Goss sent a letter to Peterson Friday saying there have been repeated misstatements, half truths, and misrepresentations from the Attorney General's office about the cost analysis. It showed Nebraska spends an average of $14.6 million annually to keep the death penalty, beyond what life imprisonment costs the state.

"The economic impact of the death penalty is an important component of the death penalty discussion, and voters deserve to have the real and whole truth," Goss said.

He asked that Peterson and he come together to each present their research on the cost so voters could analyze the data and decide for themselves the economic impact of Nebraska’s death penalty.

Peterson replied in a news release that he is confident in Nebraskans’ ability to determine the facts when they vote on the death penalty in November.

He said he has provided information from actual Nebraska cases and the information is available on the attorney general's website: http://ago.nebraska.gov/media/news/view/101182/nebraska-facts-about-nebraskas-death-penalty.

Nebraskans will vote on Nov. 8 whether to retain a law (LB268) passed in 2015 that repealed the death penalty, or repeal that law.

Source: Lincoln Journal Star, October 29, 2016

Dr. Goss Asks AG Peterson for Public Forum on Cost of Death Penalty “...so voters can analyze the data and decide for themselves what the economic costs of Nebraska’s death penalty are"


LINCOLN, NE – Dr. Ernie Goss, professor of economics at Creighton University, today asked Nebraska Attorney General Doug Peterson to join him in a public forum to present their research on the cost of Nebraska's death penalty.

In August, Dr. Goss presented a study that revealed Nebraska’s maintenance of the death penalty cost the state $14.6 million annually above what the state’s cost for life without parole. Attorney General Peterson has repeatedly challenged the study and criticized Dr. Goss’ work.

Dr. Goss sent the following request Friday afternoon to AG Peterson:

"There have been, what I regard, as repeated misstatements, half truths, and misrepresentations from your office about the cost analysis I conducted showing Nebraska spends an average of $14.6 million annually to keep the death penalty, beyond what life imprisonment (without the possibility of parole) costs the state.
The economic impact of the death penalty is an important component of the death penalty discussion, and voters deserve to have the real and whole truth. I request a public forum for you and I to come together to both present our research on the cost of the death penalty so voters can analyze the data and decide for themselves what the economic costs of Nebraska’s death penalty are.
Thank you."

Sincerely,
Ernie Goss, Ph.D.
MacAllister Chair & Professor of Economics
Creighton University
Omaha, Nebraska 68178

Ernie Goss, Ph.D., is the Jack MacAllister Chair in Regional Economics at Creighton University and is the initial director for Creighton's Institute for Economic Inquiry. He is also principal of the Goss Institute in Denver, Colorado. Dr. Goss was a visiting scholar with the Congressional Budget Office for 2003-04, and was appointed by the Nebraska Attorney General to head a task force examining gasoline pricing in the state in 2005. He served as a faculty research fellow with the National Aeronautics and Space Administration (NASA) in 1991 and 1992. Dr. Goss has conducted studies for the Platte Institute for Economic Research, a free market research and educational think tank, founded in 2008 by Pete Ricketts, now Governor of Nebraska.

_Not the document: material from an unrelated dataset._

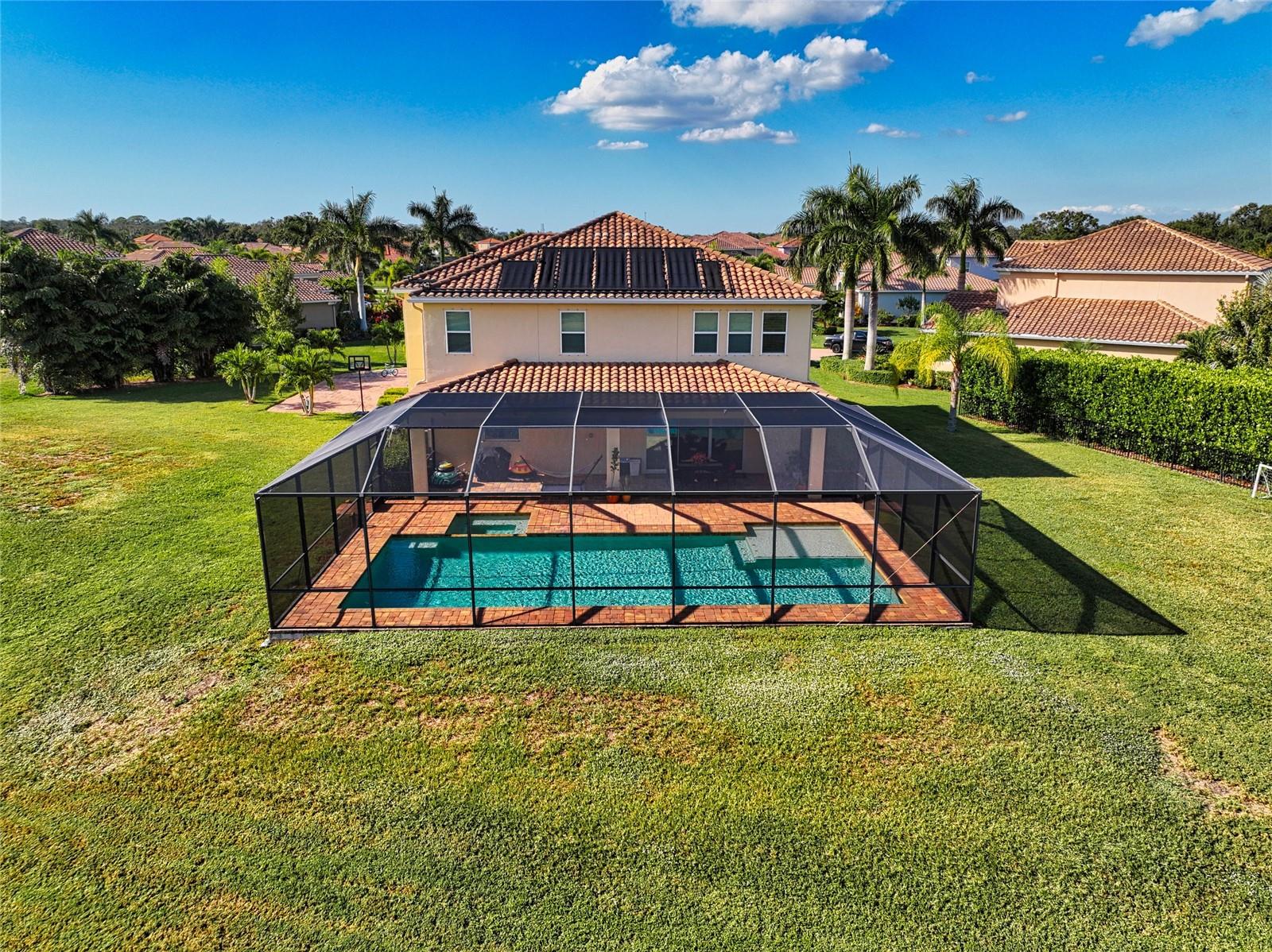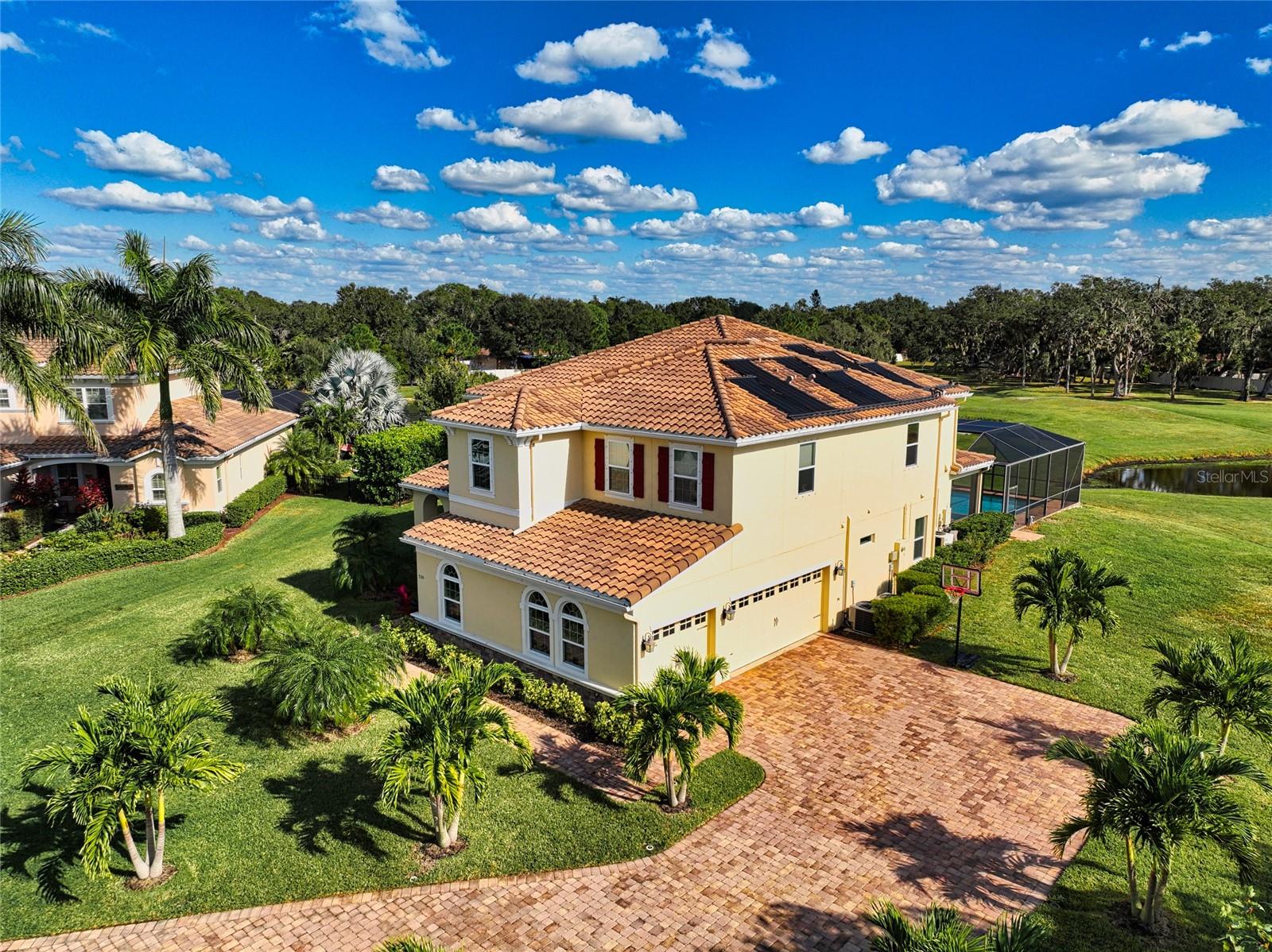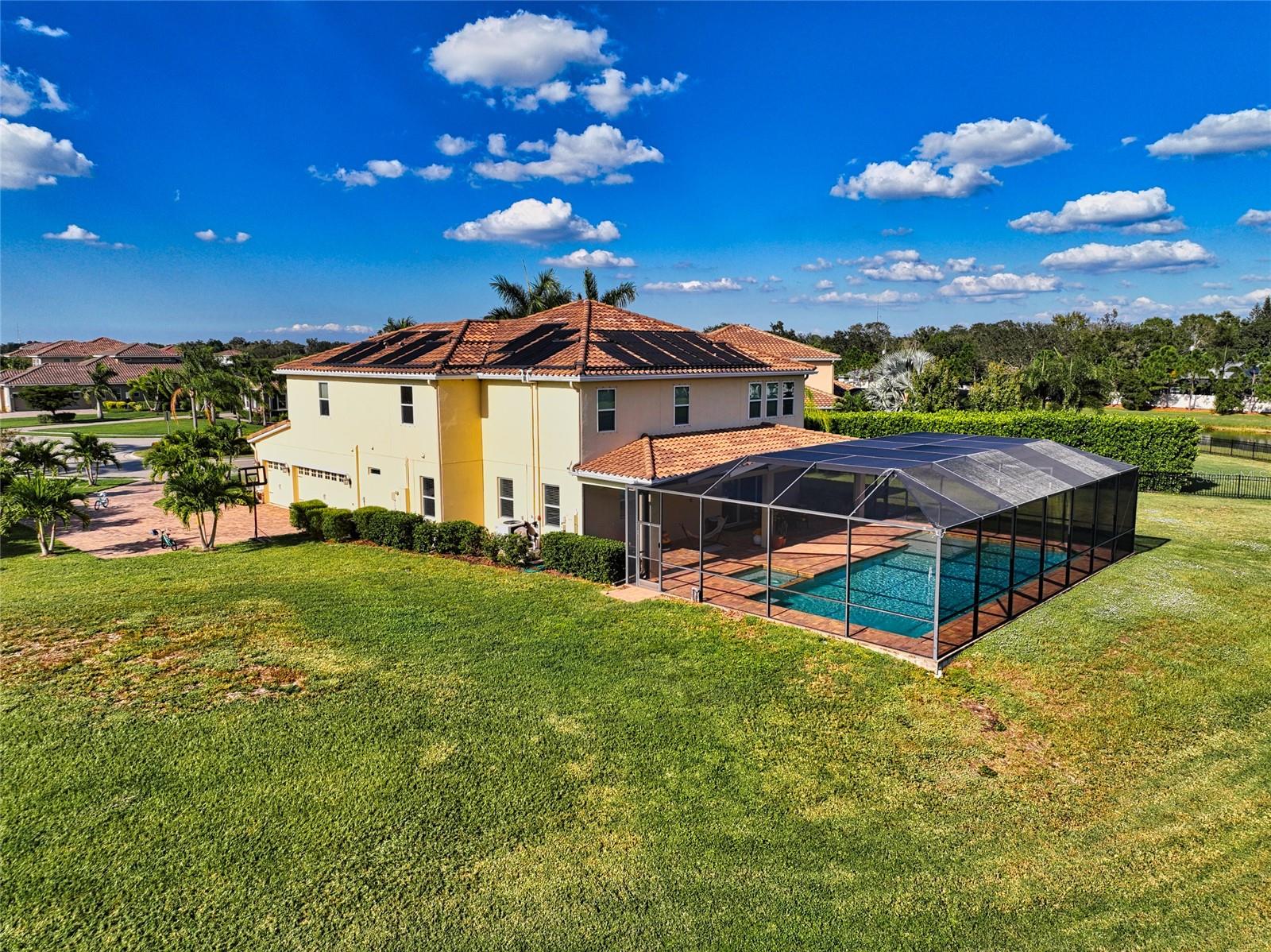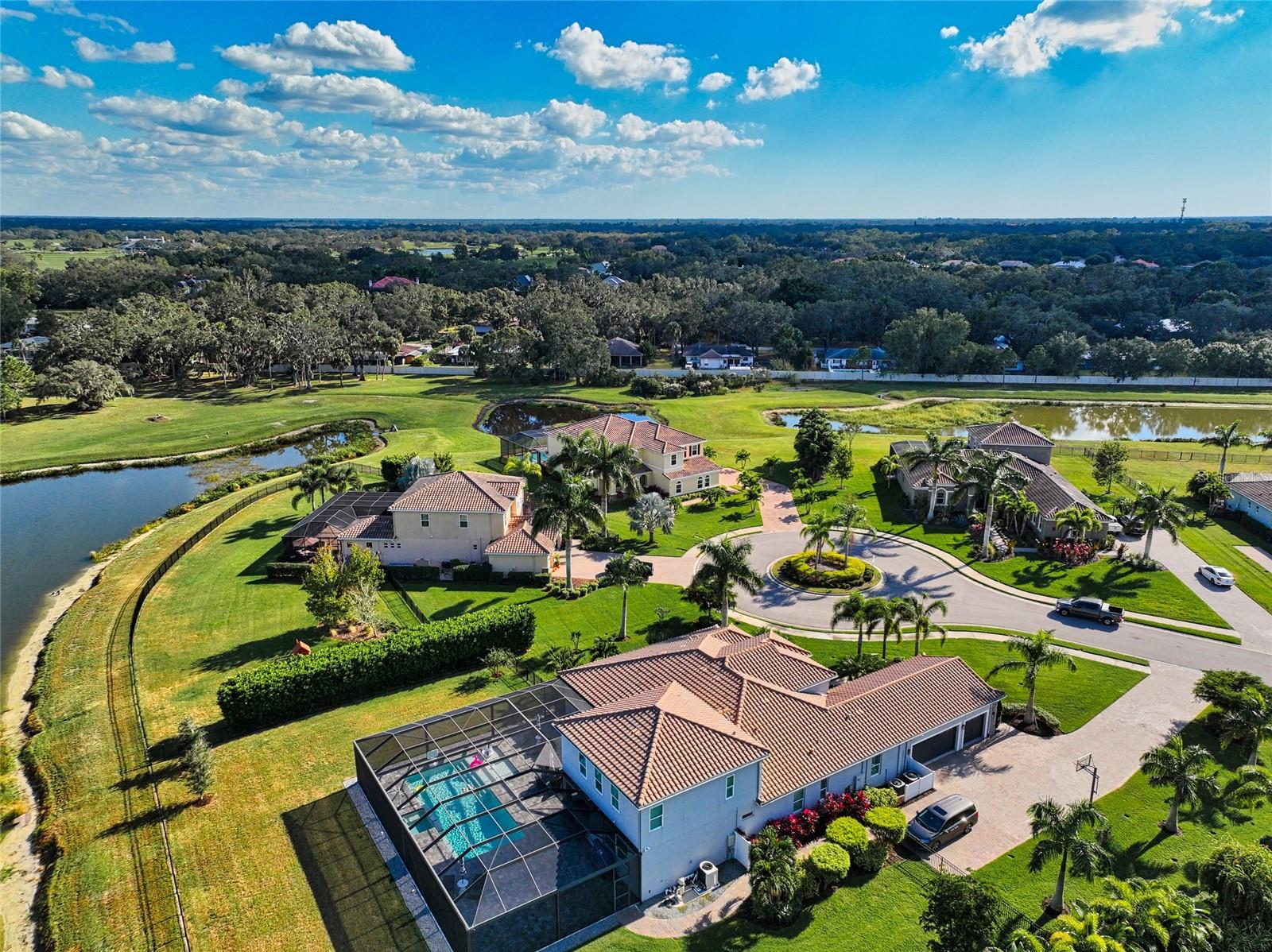 **New Price Adjustment! Luxury Home on 3.76 Acres in Gated Community** Welcome to Vilano, located East of I-75, is known for its spacious custom-built homes, large lots, beautifully landscaped surroundings. and offers a unique blend of luxury, tranquility, and convenience. Key Features: Luxury-Custom Built home: Sits on a 3.76-acre cul-de-sac lot. / 5-Bedrooms / 4.5-Baths / 3-Car Garage / Very desirable Gourmet Kitchen / Large Paver Pool Patio. The expansive outdoor space includes the largest swimming pool in the development—a solar-heated, salt pool measuring 44' x 18'. The pool area, with perfect sun orientation, complemented by a spacious lanai, great for both relaxing and entertaining. Step inside to discover a thoughtfully designed floor plan that combines elegance with functionality. The first floor features an expansive open layout, highlighted by a gourmet kitchen complete with granite countertops, a desk area, a pantry, and a butler's pantry. The great room flows seamlessly into the dining room, creating an inviting space for family gatherings and formal entertaining. Also on the first floor are a private office, a guest bath, and a bedroom with an en suite bath, which provide versatile living options. A conveniently located laundry room and generous storage areas add to the home's practicality. Upstairs, you'll find four additional spacious bedrooms, three of which feature en suite baths and walk-in closets. A large living/recreation room provides ample space for family activities or a private retreat. Crown molding throughout the home adds a touch of sophistication, enhancing the luxurious ambiance. This property is located near top-rated schools, convenient shopping, professional services, and a major hospital, ensuring that all your needs are met. Downtown Sarasota and its world-famous beaches are just a short 20-minute drive away, making this property a blend of luxury and convenience. The oversized 3-car garage offers additional storage and versatile space for work or recreation. This home truly stands out for its expansive cul de sac lot, luxurious amenities, and prime, peaceful location. Don't miss the opportunity to own this exceptional property. There is a $480.00 Buyer Capital Contribution due at closing. This home is not in a flood zone and has never experienced flooding?

Source: Retain a Just Nebraska, October 29, 2016. Retain a Just Nebraska is a public education campaign to urge the retention of LB 268, the Nebraska Legislature’s vote to end the death penalty. Supporters include fiscal conservatives, law enforcement officials, faith leaders, murder victims’ families, and Nebraskans from all walks of life. It is a statewide coalition conducting public education on the smart alternative of life in prison without parole, which protects society without the many problems of our death penalty system.